Update (2026-04-23 after the first v2 sweep attempt): opus exhausted the Claude subscription’s usage window mid-sweep and --max-budget-usd was dropped from the harness entirely because it was only ever a CLI-side safety on pay-per-token API — irrelevant on subscription, and a nuisance during the pre-flight probe (MCP schema cache-creation alone exceeded the $0.25 probe cap on opus). The main-run model was rolled back to sonnet and the pre-flight probe pinned to haiku. Opus is kept on the table for specific fixtures where sonnet’s Gate-C refusal behaviour recurs, but not as the sweep default.

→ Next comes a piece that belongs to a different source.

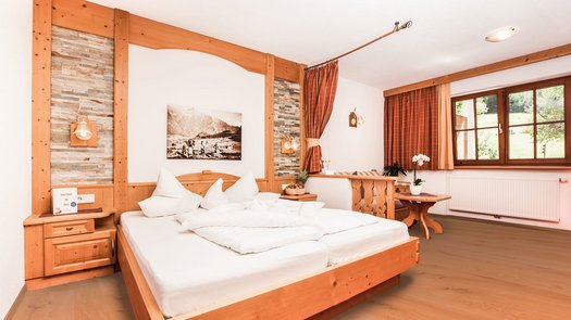Weiters ist das Zimmer mit einem Flat-TV, Telefon, Radio, Safe, Kühlschrank, High Speed Internet und Wellness Tasche mit Bademantel ausgestattet.

The --budget flag on run.py has been removed; the Gate-C notes above are retained as design history.

Harness changes landed by this task to support the above

benchmarks/graph/scripts/classify.py — opted claude-opus-4-* into INFRA_MODEL_PATTERNS so benchmark runs with --model opus are no longer rejected as “advisor escalation.” The pattern previously allowlisted only sonnet and haiku.
benchmarks/graph/scripts/providers.py — default subprocess timeout raised from 600 s to 1000 s so codex runs on harder fixtures have room to complete.
benchmarks/graph/scripts/test_classify.py — test_opus_rejected replaced by test_opus_allowed with the v2-prep rationale inlined as a docstring.
Still open (deferred): extend run.py to accept a --model override rather than using provider.default_model. Today the harness requires editing DEFAULT_MODELS in providers.py to run a non-default model, which is awkward. File as a follow-up task before v2 sweep execution.

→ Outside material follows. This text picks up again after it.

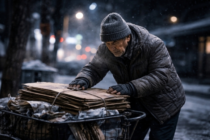 추운 날씨 속에서 폐지를 줍던 70대 노인이 길가에서 쓰러져 숨지는 사고가 발생했다. 사진은 기사 내용을 토대로 생성형AI(인공지능)를 활용해 만든 이미지./사진=오픈AI 챗GPT |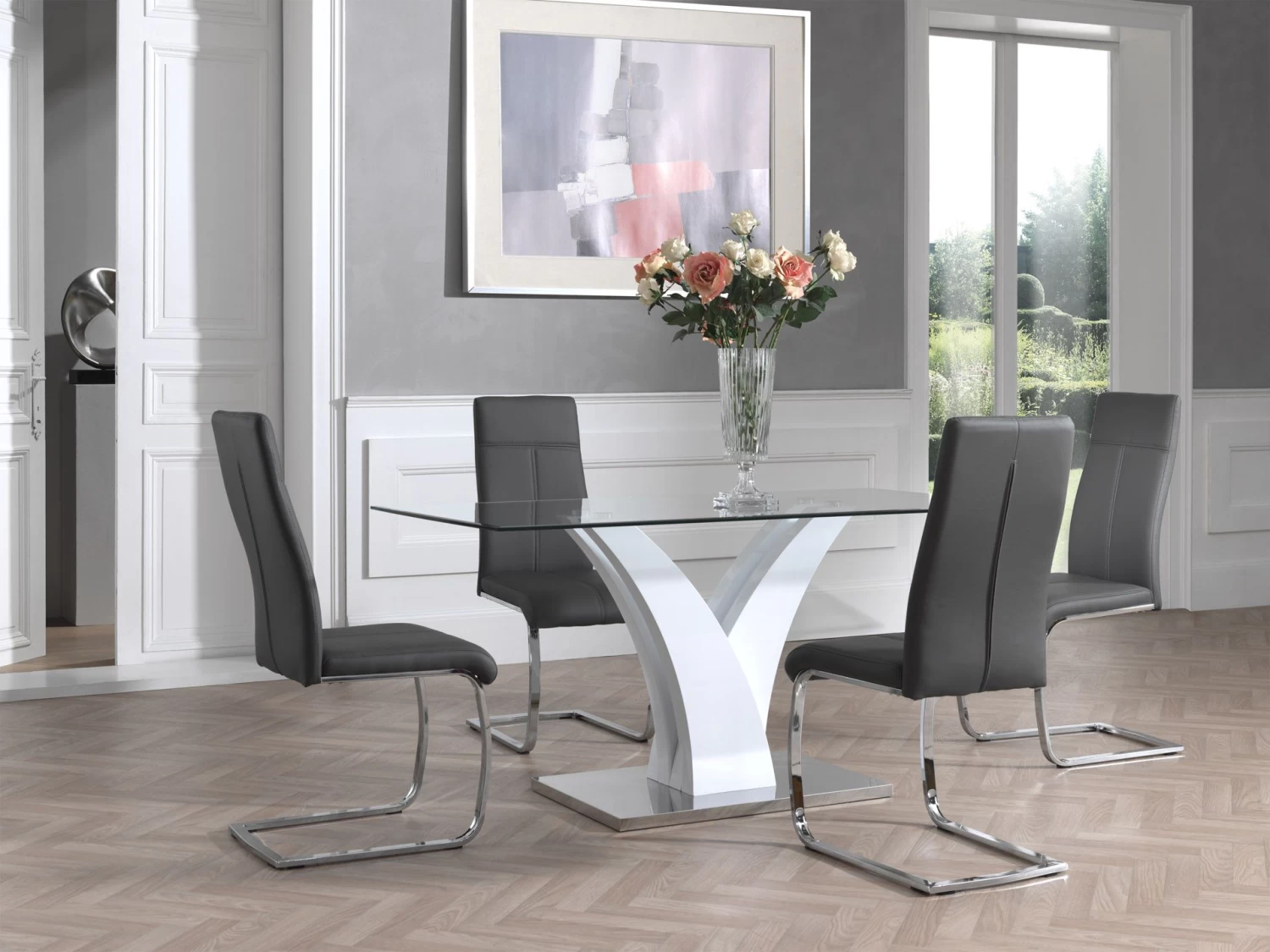 Deze stoelen zijn beschikbaar in het cappuccino, zwart, grijs en wit.

1. `callers-run-deterministic-containers` (trace)

Naive grep:

rg -n '\.run_deterministic\s*\(' crates/orbit-engine/src

Why it fails: grep returns the call lines but the fixture asks for the containing function name at each call site. Grep has no structural awareness of function boundaries — the agent must read surrounding code and scan upward for the nearest fn … signature. For 5 call sites that’s 5 separate reads, and any missed one produces an incomplete answer.

Graph-tool path: orbit.graph.callers on the V2RuntimeHost::run_deterministic trait-method selector returns container functions directly, with symbol name + path in one response.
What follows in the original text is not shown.